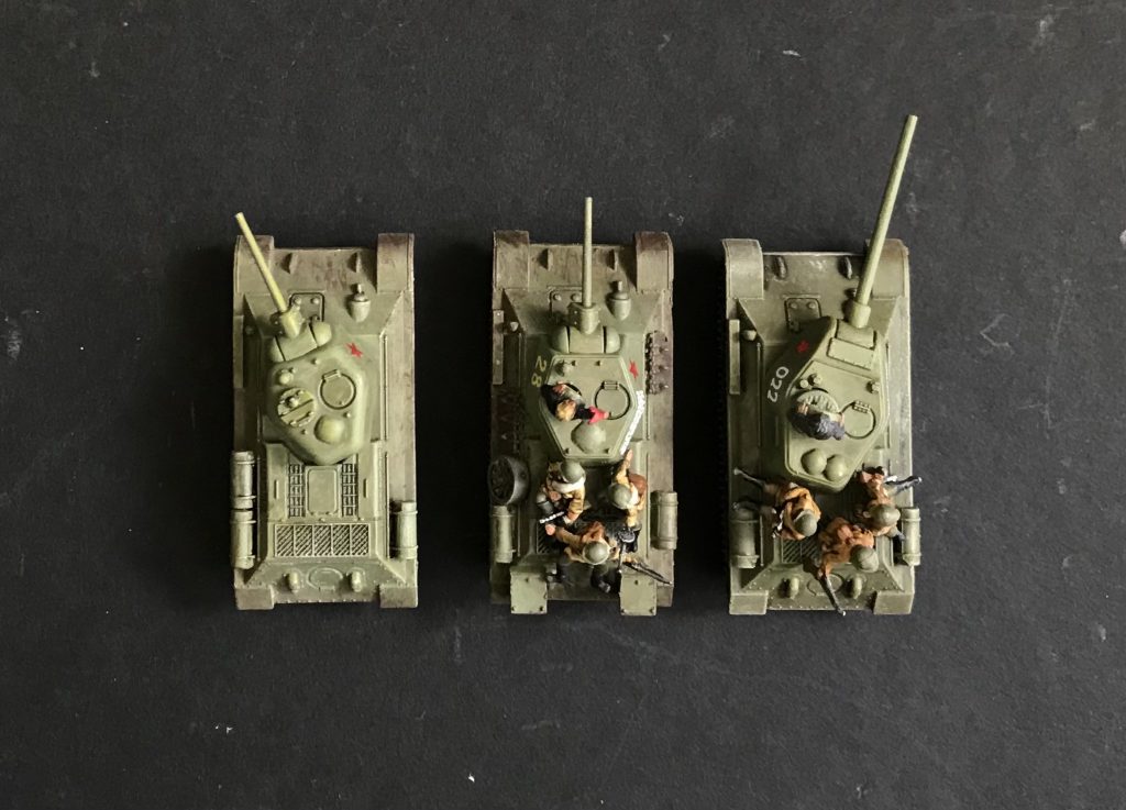 You get six T-34s in a pack, enough to fulfill all your tiny tank needs for most games systems (and then some) if you're playing at reduced scale 28mm-designed games. This is not only a good amount of tanks, but if you're historically-minded (and why wouldn't you be? you're here!) it's two "proper" Soviet tank platoons comprising of a command tank and two others. Commanders peeking out of their hatches support making a clear command tank where that's a necessary or desirable modelling choice. The six hulls in the pack also let you experiment with different stowage positions and I've built each of mine to be at least slightly different from one another.
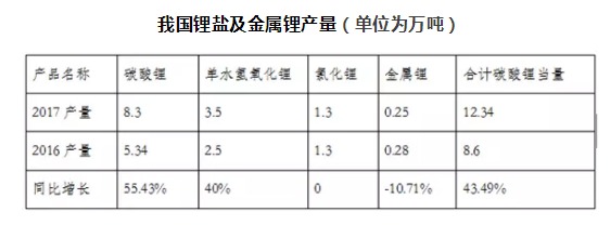 根據(jù)中國有色金屬工業(yè)協(xié)會(huì)鋰業(yè)分會(huì)初步統(tǒng)計(jì),2017年全球鋰鹽產(chǎn)量為23.54萬噸(碳酸鋰當(dāng)量),同比增長21.5%,我國鋰鹽產(chǎn)量12.34萬噸(包括進(jìn)口工業(yè)級碳酸鋰加工成電池級碳酸鋰或氫氧化鋰等),同比增長43.5%。
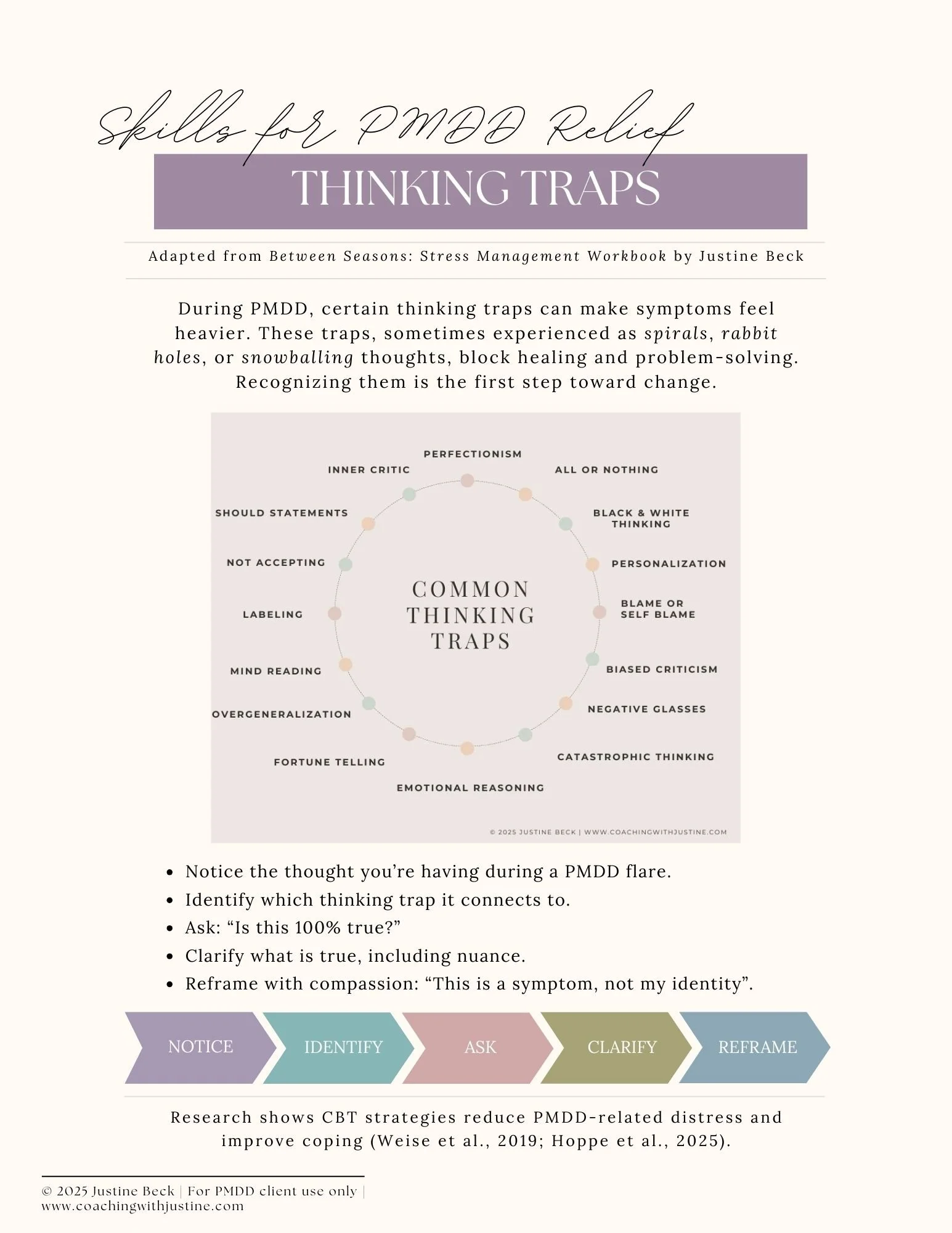 This worksheet helps you recognize and reframe the common “thinking traps” that can intensify PMDD symptoms. These traps—like perfectionism, all‑or‑nothing thinking, or catastrophic predictions—often spiral into heavier distress and block problem‑solving.

====

**Task instructions:**
Down to the final line, restate the material above word for word, but omit its pictures.

**Written solution:**
 You get six T-34s in a pack, enough to fulfill all your tiny tank needs for most games systems (and then some) if you're playing at reduced scale 28mm-designed games. This is not only a good amount of tanks, but if you're historically-minded (and why wouldn't you be? you're here!) it's two "proper" Soviet tank platoons comprising of a command tank and two others. Commanders peeking out of their hatches support making a clear command tank where that's a necessary or desirable modelling choice. The six hulls in the pack also let you experiment with different stowage positions and I've built each of mine to be at least slightly different from one another.
 根據(jù)中國有色金屬工業(yè)協(xié)會(huì)鋰業(yè)分會(huì)初步統(tǒng)計(jì),2017年全球鋰鹽產(chǎn)量為23.54萬噸(碳酸鋰當(dāng)量),同比增長21.5%,我國鋰鹽產(chǎn)量12.34萬噸(包括進(jìn)口工業(yè)級碳酸鋰加工成電池級碳酸鋰或氫氧化鋰等),同比增長43.5%。
 This worksheet helps you recognize and reframe the common “thinking traps” that can intensify PMDD symptoms. These traps—like perfectionism, all‑or‑nothing thinking, or catastrophic predictions—often spiral into heavier distress and block problem‑solving.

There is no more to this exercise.